Okay, so in my last post about my backstory, we left off with me struggling to overcome the icy depression I’d fallen into when the creative life I’d planned for myself fell apart.
What happened next?
I was told I’d better have a baby.
I’d started eating green things by this point.
I certainly hadn’t given up sugar or crying, but since they were prime suspects in the mystery of my vanishing periods, I tried to dial them back.
I was still low and struggling to sleep but my family and Anthony got me through it. I remember him making us a strange dinner in which he mixed spaghetti into salad. He must’ve really wanted me to eat that lettuce.
I got a weekend job at a museum gift shop which, despite the manager’s habit of playing the same three punk songs on repeat, helped me remember how much I loved working in shops.
Walking the couple of miles to work helped me feel stronger and calmer, and one time I found a confused, barefoot old man who’d wandered two miles away from his hospital in his pyjamas. When I went back to the ward with him, it wasn’t entirely clear whether anyone had noticed he was missing.
And I had acupuncture every couple of weeks in an attempt to kickstart my cycle.
My acupuncturist, who looked like he’d seen some stuff in the seventies, was called Satyavadita. In addition to sticking needles into me, he generously made time to listen to me moan.
One day, our conversation went something like this:
Me: I’m so pathetic. The thought of calling my agent makes me physically ill. I’ll never work again.
Satyavadita: Well, you can feel that way if you want, but you’re lying to yourself because your life force is strong.
Me: It really doesn’t feel like that. It completely feels like I’m a hopeless, pathetic disaster.
Satyavadita: How it feels and how it is are not the same thing. I think you should seriously consider having a baby in the near future.
Satyavadita: With your type of constitutional energy, I strongly recommend it. If you don’t, it may not be possible later.
Me, on the bus home: WTF?
Me, to Anthony: WT actual F?
Me, staring into the darkness at 3am: WTF!
That night, I experienced a lightning bolt of rage. How dare he say I’d better have a baby! How dare he give me orders!
I was broke and kind of broken. Caring for an eggcupful of sea monkeys would’ve stretched my resources to the limit, let alone a child.
Plus, that was none of his business! Plus my periods had stopped!
Why did he think he could tell me what to do?
Then I came to an embarrassing realisation.
I was desperate for someone to tell me what to do.
Deep down, I wanted someone else, someone infinitely more qualified than me, to make my life unfold.
Someone who wouldn’t make mistakes or feel uncertain.

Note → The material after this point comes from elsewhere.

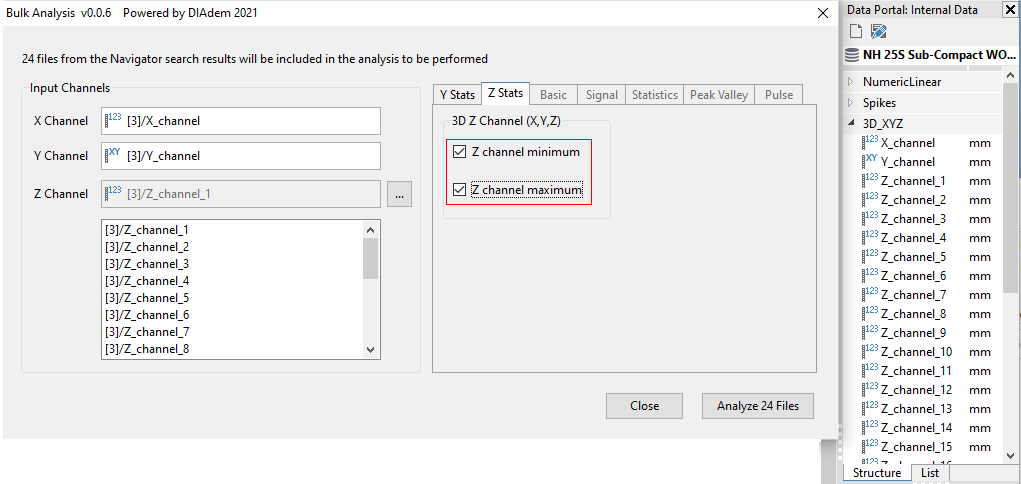 When the channel consistency check is complete, the Bulk Analysis application will run and will appear as shown below. The first file from the search results is loaded into the Data Portal (shown on the very right). The application is non-modal, so you may click on and explore the Data Portal contents as needed.

Someone who knew how to do practical things, like firing my agent and finding a new one.
Someone who wasn’t self-conscious and scared.

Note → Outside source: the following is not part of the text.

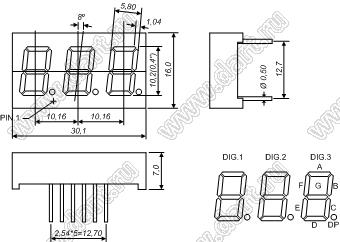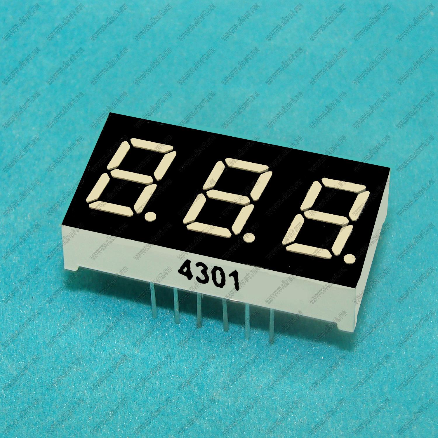 Каталог > Оптоэлектроника и индикация > Индикаторы светодиодные (сегментные дисплеи, матрицы, шкалы, светящиеся поля) > Цифровые и цифро-буквенные cветодиодные сегментные индикаторы (дисплеи) > 3-разрядные 7-сегментные индикаторы > 3-разр. 0.4 дюйм. 7-сегм. 4301 серия > BJ4301EE

In the meantime I was just waiting, living as though I wasn’t allowed, somehow, to even try.
I owe a lot to Satyavadita because he lit a fire in me.
Wobbily, in the middle of the night, clutching a blanket covered in ducks, I swore that from now on no-one would be more of an expert on my life than me.
I could learn from others and I could ask for help, but I’d be the one I was waiting for.
I’d rescued that old chap in his pyjamas. Now I had to rescue myself.
I’d make money. I’d live the gorgeous, free-wheeling, creative life I wanted. And I’d help other artists do those things too.
So what happened next?
I got royally screwed over by a marketing professional. As she was enthusiastically bad-mouthing me on Twitter, I thought:
I’ll tell you all about it next time.
PS – Five days later, my periods came back.